▸ **Aim of the exercise**: Below, some lines carry pictures; leave those pictures out and retype exactly the lines from the one with "Ъглов диван Виола" through the one with "360° smooth swivel".

▸ **Data shown**:
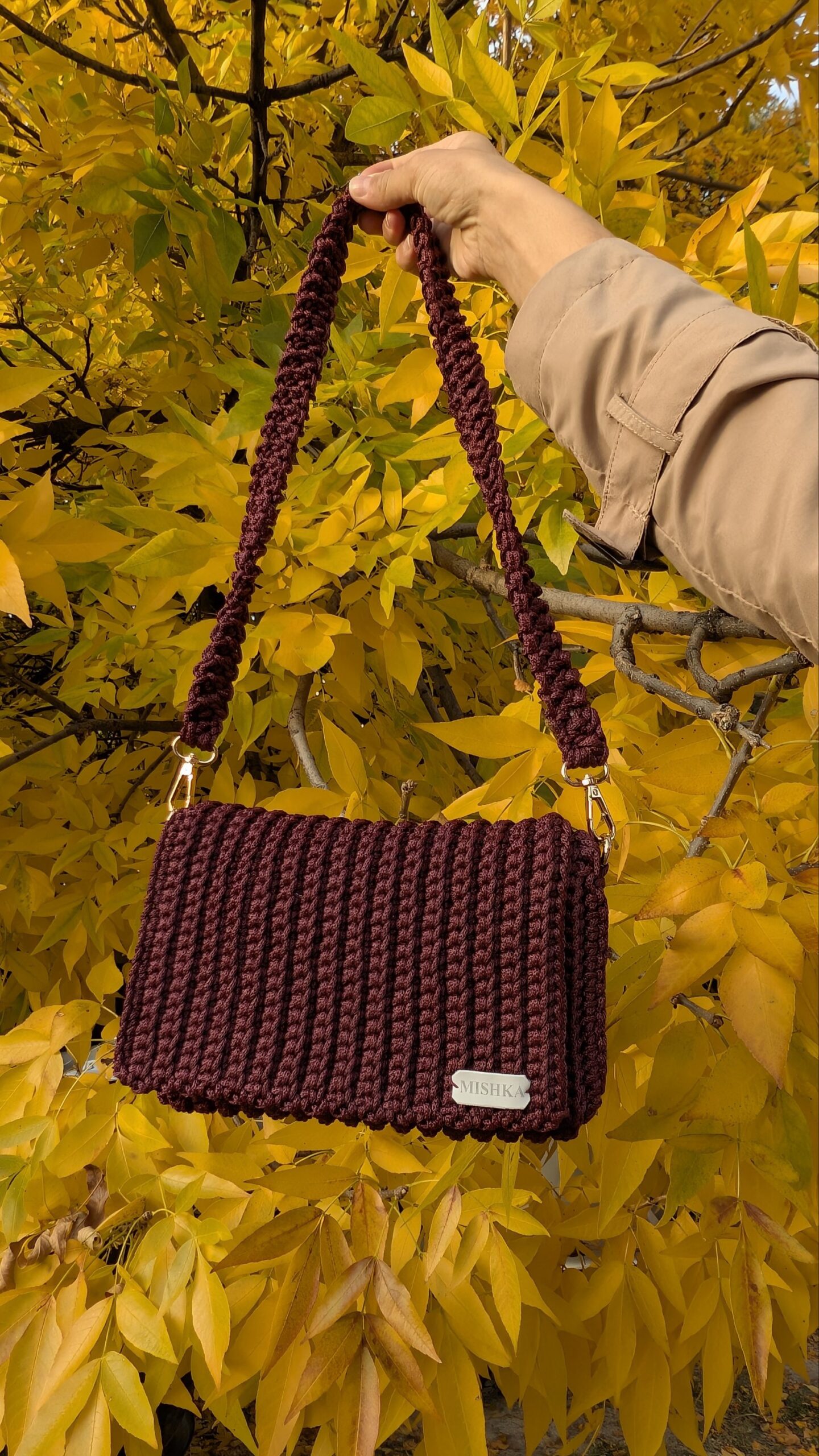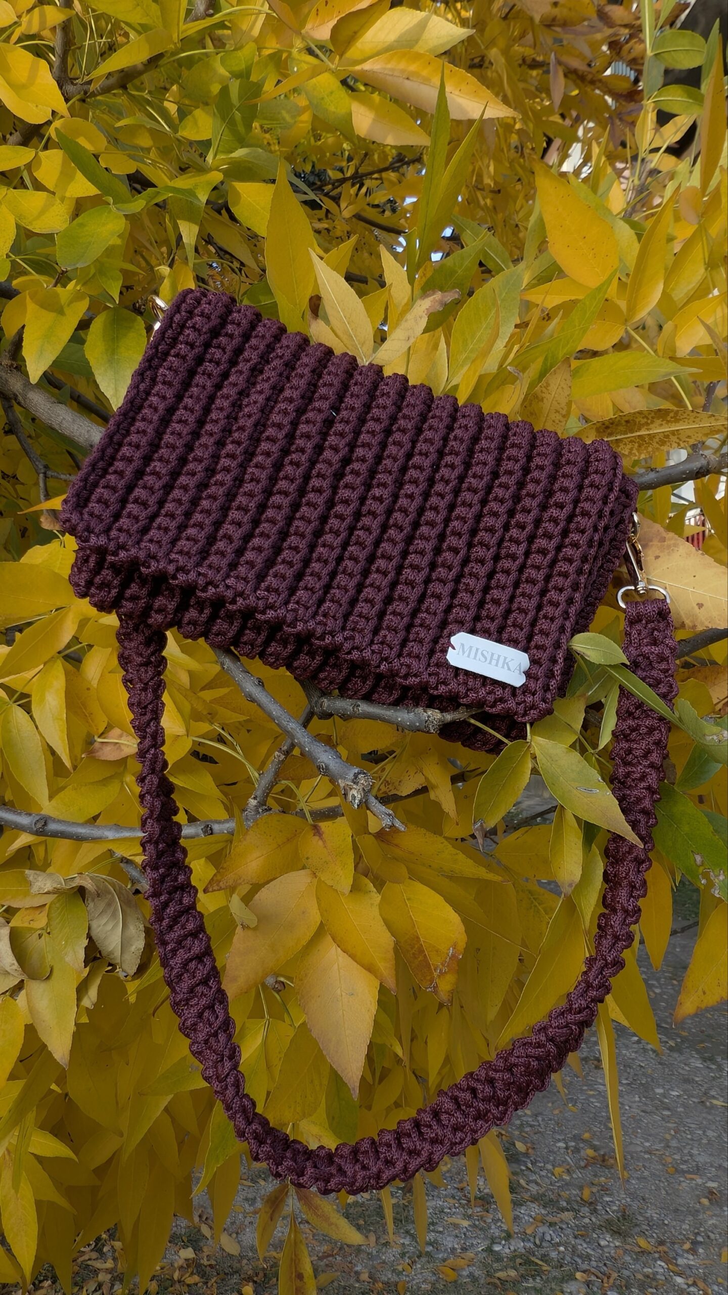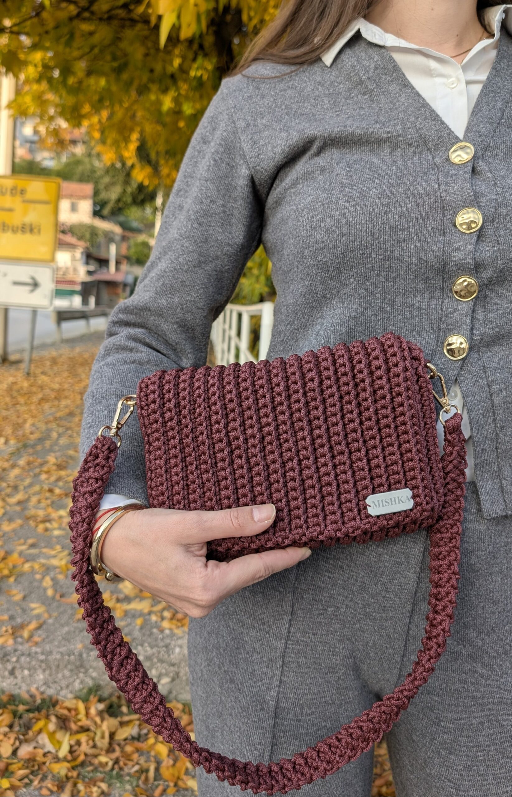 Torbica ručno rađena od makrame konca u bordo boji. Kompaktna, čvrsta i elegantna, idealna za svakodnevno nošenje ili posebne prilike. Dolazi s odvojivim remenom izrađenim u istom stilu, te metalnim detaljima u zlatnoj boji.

---

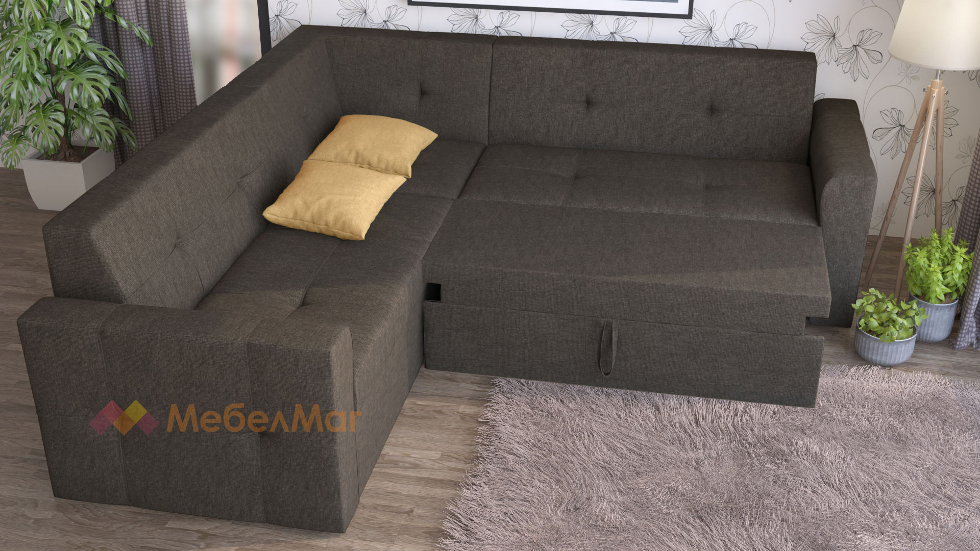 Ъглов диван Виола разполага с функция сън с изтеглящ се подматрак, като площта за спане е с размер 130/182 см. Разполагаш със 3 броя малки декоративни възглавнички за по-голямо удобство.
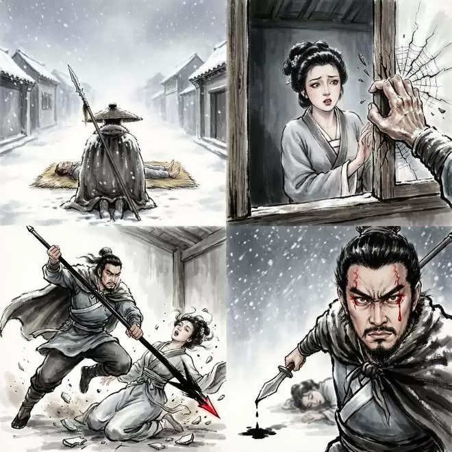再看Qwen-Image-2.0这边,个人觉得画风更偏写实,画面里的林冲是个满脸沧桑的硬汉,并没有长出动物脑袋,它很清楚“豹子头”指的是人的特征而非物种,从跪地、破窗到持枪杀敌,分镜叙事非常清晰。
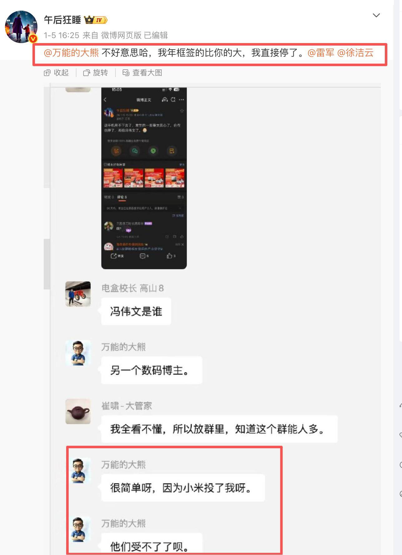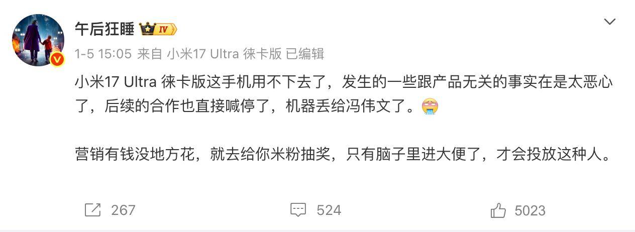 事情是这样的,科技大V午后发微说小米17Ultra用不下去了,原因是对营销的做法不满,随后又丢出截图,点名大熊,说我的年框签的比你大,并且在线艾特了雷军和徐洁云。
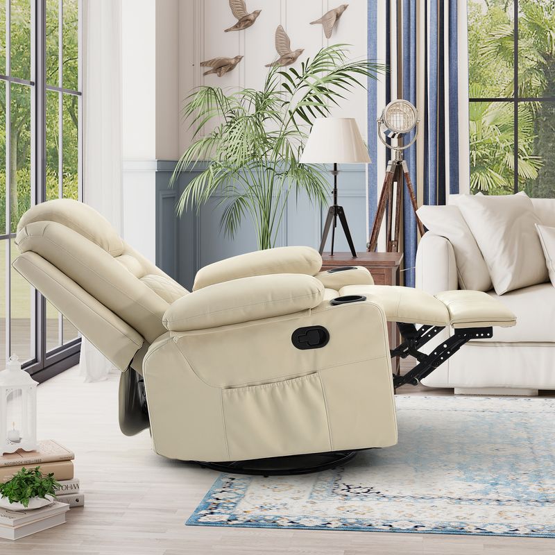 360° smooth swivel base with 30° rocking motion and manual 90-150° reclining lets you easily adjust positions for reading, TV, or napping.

▸ **Written response**:
 Ъглов диван Виола разполага с функция сън с изтеглящ се подматрак, като площта за спане е с размер 130/182 см. Разполагаш със 3 броя малки декоративни възглавнички за по-голямо удобство.
再看Qwen-Image-2.0这边,个人觉得画风更偏写实,画面里的林冲是个满脸沧桑的硬汉,并没有长出动物脑袋,它很清楚“豹子头”指的是人的特征而非物种,从跪地、破窗到持枪杀敌,分镜叙事非常清晰。
 事情是这样的,科技大V午后发微说小米17Ultra用不下去了,原因是对营销的做法不满,随后又丢出截图,点名大熊,说我的年框签的比你大,并且在线艾特了雷军和徐洁云。
 360° smooth swivel base with 30° rocking motion and manual 90-150° reclining lets you easily adjust positions for reading, TV, or napping.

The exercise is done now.